Instructions to follow:
In the listing below, find the line with "商品番号 BA8895 / カレッジイトパーガンディ × リネン × ナイトネイビー" and copy every line from there up to and including the line with "Каким образом организована", exactly and without pictures.

*** Begin section ***

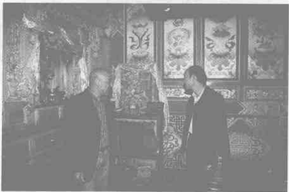
公司领导走访藏家

茶马古道在云南境内约两千公里,几乎贯穿整个云南省,完全靠马帮一步一步行走,因不少路段十分艰险,单程一
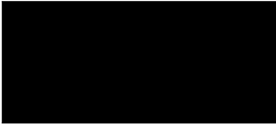
riaditeľka Mestské kultúrne centrum
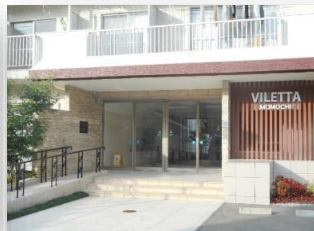
* エントランス *
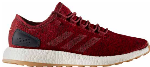
商品番号 BA8895 / カレッジイトパーガンディ × リネン × ナイトネイビー
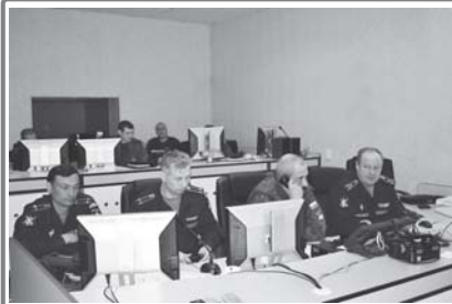
Каким образом организована учебно-боевая работа частей и соединений, не участвующих непосредственно в практических пусках ракет?

Безопасность в личном составе частей и соединений на этапе подготовки к практическим пускам ракет строится по типовому наряду. После приобретения зенитного ракетного дивизиона на полковой содаты, сержанты и офицеры осматривают технику и начинают готовить её к боевой работе. Мэри изучают боевые документы при проведении стрельб, требования руководящих документов, особенности применения зенитных ракетных комплексов на их родной местности, затрудились ведение разведки целей и их поражение. После этого каждый участник тактического учения из состава зенитных ракетных дивизионов сдает экзамен на допуск к боевым стрельбам.
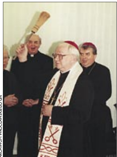
Siedzibę redakcji przy ul. Trzebnickiej poświęcił kard. H. Gulbinowicz
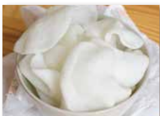
10 NUVOLE DI GAMBERI € 3,00

*** End section ***

Solution to this exercise:
商品番号 BA8895 / カレッジイトパーガンディ × リネン × ナイトネイビー
Каким образом организована учебно-боевая работа частей и соединений, не участвующих непосредственно в практических пусках ракет?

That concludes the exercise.